The flow of people crossing the border from Morocco into the Spanish enclave of Ceuta is unceasing.

Every day up to 40,000 people pass legally into this tiny splinter of Spain on North Africa's Mediterranean coast to buy and sell everything from cigarettes and alcohol to clothes and toilet paper.

On the beach next to the border post, two teenagers in shorts drag washing machines lashed to makeshift rafts into the sea and float them along the coast to Morocco.

Officers from Spain's Guardia Civil look on, but do nothing to stop them. It is not the trade in goods the police here are concerned about - it is the one in people.

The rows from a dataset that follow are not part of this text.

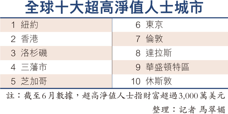 香港繼續位列全球第二,僅次於擁有21,380名超級富豪的紐約。報告分析指,本港財富暴漲主要受兩大因素驅動,包括地產改革與強勁股市收益,其中金融業受益於大量內地企業赴港上市,推動資本市場繁榮。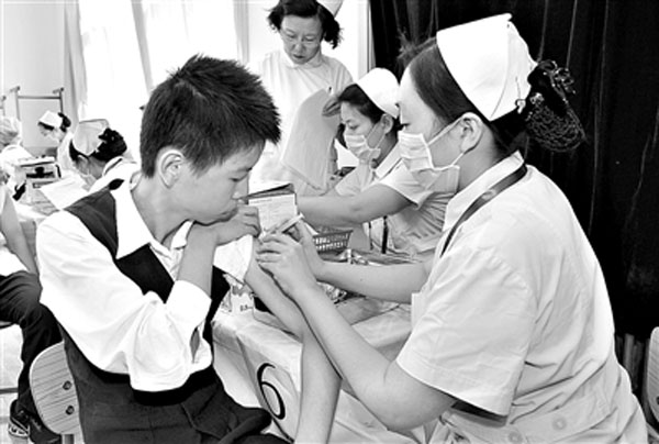 9月21日,京源學(xué)校的學(xué)生在接種甲型H1N1流感疫苗。 從當(dāng)日起,北京市在全國(guó)率先啟動(dòng)甲型H1N1流感疫苗接種工作,按照不同人群疫苗接種的優(yōu)先次序,北京市目前優(yōu)先對(duì)參與國(guó)慶慶典活動(dòng)的學(xué)生開(kāi)展接種。新華社發(fā)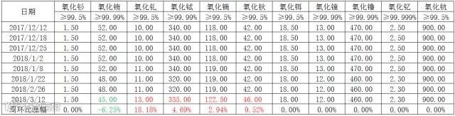 表一 中重稀土氧化物2017年12月-2018年3月挂牌价格 万元/吨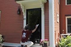 There are two screws that hold this strike plate in place. Take them out, mark the new position for the strike plate, then fill the old holes as described above, using wood splints dipped into glue. Wait till this glue hardens, then trim excess wood off and drill your new pilot holes for the screws so the strike plate will be in the proper position. The mortise or recess in the wood will probably have to be enlarged slightly, but this can be done by using a small sharp chisel. Answering the Mail Q . What is the best way to get paint spots off a slate-covered patio? - S.G., Scarsdale, N.Y. If the spots are not too large, or too numerous, you can probably get them off by rubbing with fine steel wool - but try this first in an inconspicous place because some types of slate turn quite a bit lighter when rubbed this way. Otherwise you can soften them up with acetone, then wipe them off, but avoid rubbing this around or you may just spread the stains. In line with the suggestion made in one of your recent columns, I washed the outside siding on my house to see if a paint job was really necessary.

On a hill overlooking the Mediterranean, Ceuta's migrant reception centre houses nearly 400 people who have evaded the double barbed-wire fences, movement sensors and cameras designed to keep them out of the enclave.

Desperate journey

The centre started out as a series of makeshift huts, but the flow of refugees has been so great that it has been upgraded and turned into a permanent facility.

Kafumba Khomah
Kafumba Khomah: "I just got into the sea and came here"

One of its residents is Kafumba Khomah, a 23-year old student from Liberia. As he looks out to sea, he relives the five-hour night-time swim that nearly cost his life.

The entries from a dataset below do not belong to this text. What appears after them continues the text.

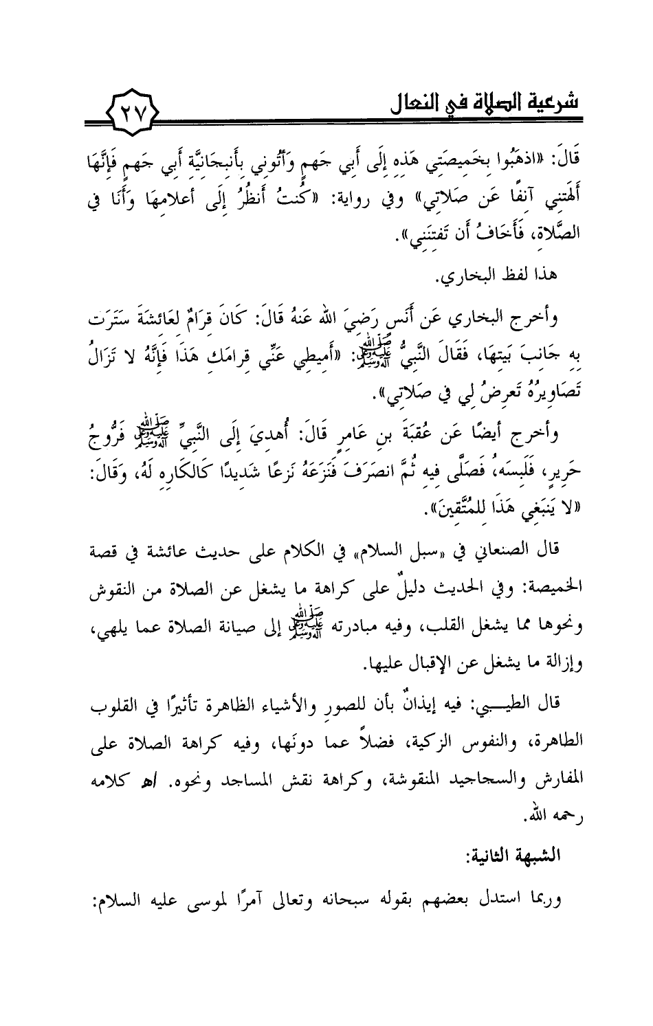قال: ((اذهبوا بخميصتي هذه إلى أبي جهم وأتوني بأنبجانيّة أبي جهم فإنّها ألهتني آنفًا عن صلاتي)) وفي رواية: ((كنت أنظر إلى أعلامها وأنا في الصّلاة، فأخاف أن تفتنني)).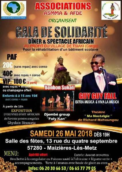 A l’occasion de la fête des mères, l’’association Solidarité Maizières-Lès-Metz Afrique et l’association Femmes de l’Espoir vous reçoivent dans la salle des fêtes de la ville de Maizières-Lès-Metz, pour un gala de solidarité " DÎNER & SPECTACLE AFRICAIN" au profit du village de Tsiaki au Congo.
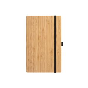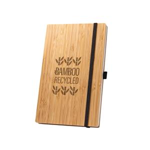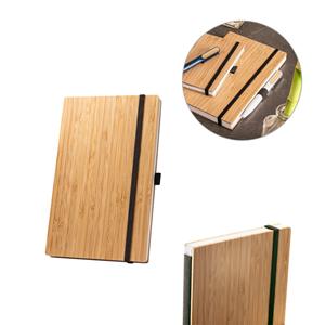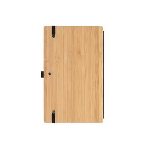 Descrição: Caderno de bolso de capa e contracapa em placa de bambu e lombada em poliéster 100% reciclado (100% rPET). O interior contém 80 folhas lisas com papel reciclado, suporte para esferográfica (não inclusa) e elástico para fecho do caderno. A cor e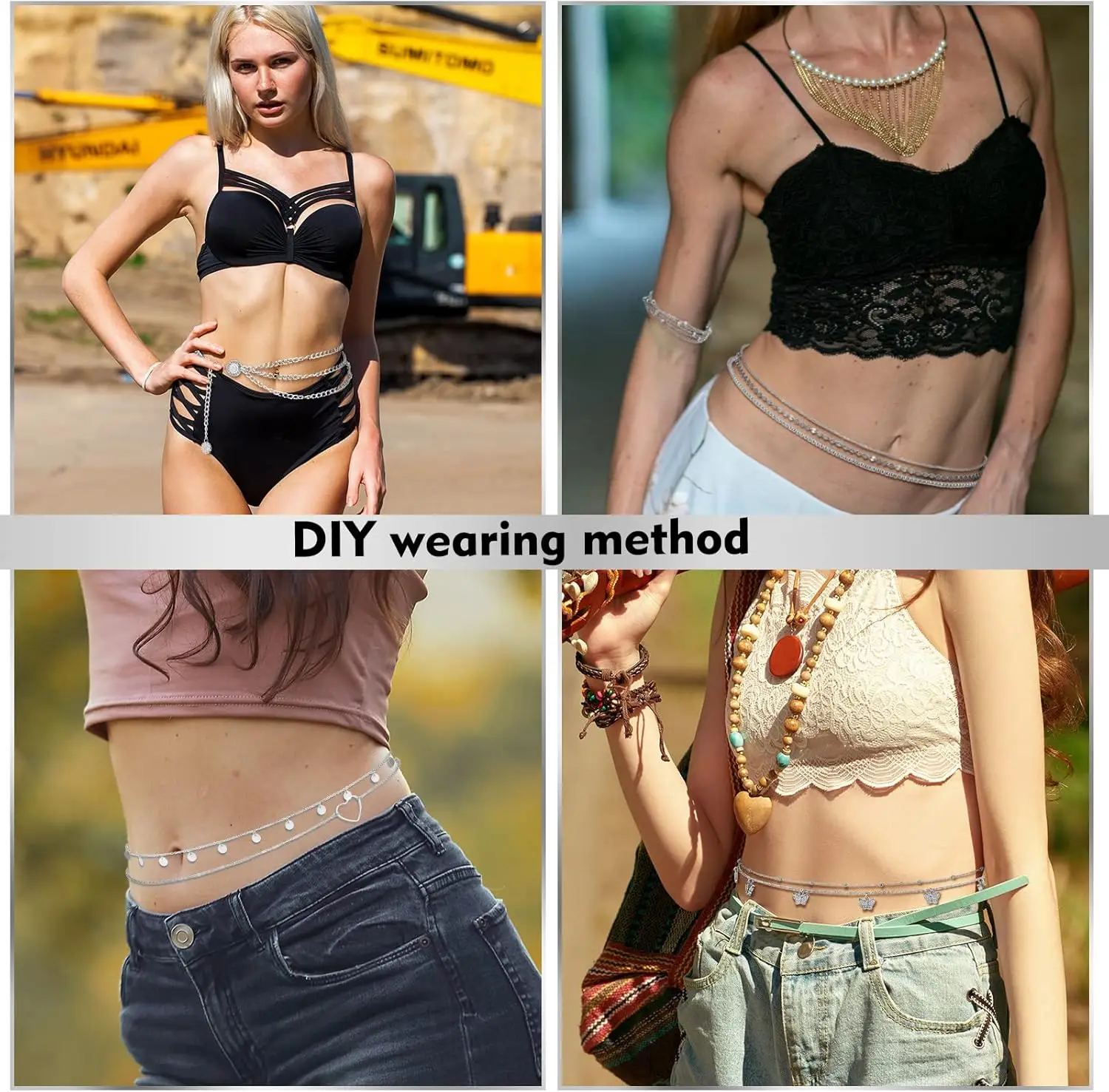 Lenwen 10 Pcs Alloy Belly Waist Chain Adjustable Summer Beach Women's Multilayer Body Jewelry Decorations

"An Arab man pointed to Ceuta and told me this is Spanish territory," he told me.

"He said if I got here my problems could be over, so I just got into the sea and came here. I didn't know what would happen or whether I'd make it or not. When I got here I was very happy."

In La Plaza de Los Reyes, Ceuta's main square, immigration is too well-worn a topic to provoke much open discussion.

Local backlash

Nevertheless Yolanda Gonzales, a journalist on the local newspaper, El Faro, says there is resentment among Ceutans at the arrival of so many migrants.

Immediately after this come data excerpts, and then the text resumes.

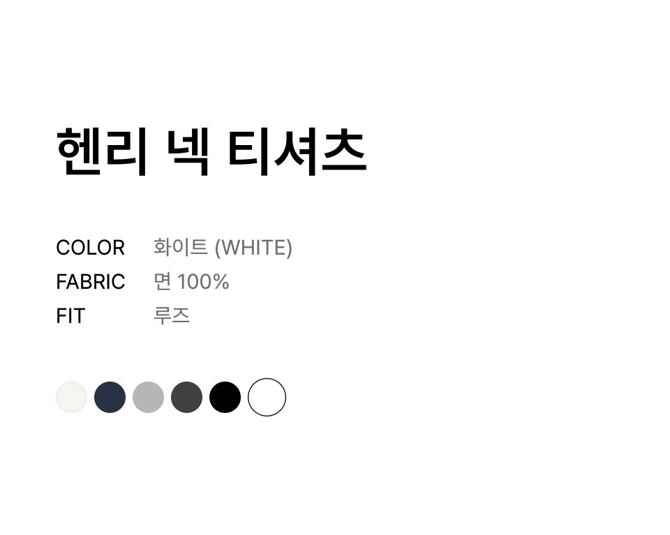 헨리 넥 티셔츠 [화이트]
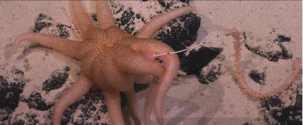 Nhóm nghiên cứu cũng chụp ảnh một ngôi sao biển dài 30cm săn mồi trên san hô tre - một hành vi chưa từng thấy trước đây.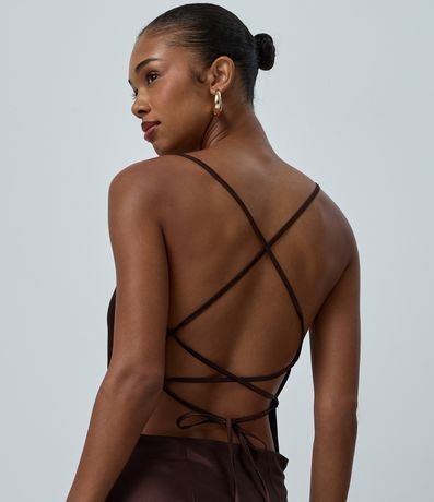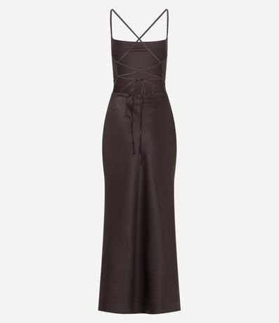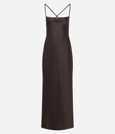 Ref: Vestido midi em cetim com decote degagê e alças finas cruzadas nas costas, trazendo um visual sofisticado e elegante. Possui caimento reto, brilho sutil e toque macio, ideal para festas e ocasiões especiais. Peça leve que valoriza a silhueta.

"Ceuta is just a step on the way to Spain or the rest of Europe and this can cause a lot of problems," she says.

Some Ceutans object to the arrival of immigrants

"Some of the immigrants stay in the reception camp, but some become robbers.

"They have no papers, no money and no job. They can't get work legally, so they need money to survive."

The rise of the far-right across Europe has prompted the Spanish Prime Minister Jose Maria Aznar to draw up proposals to be presented at next month's EU summit in Seville to tackle illegal immigration.

As Spain considers ways of tightening Europe's external borders, it could do worse than start by looking at the situation on its own North African back door.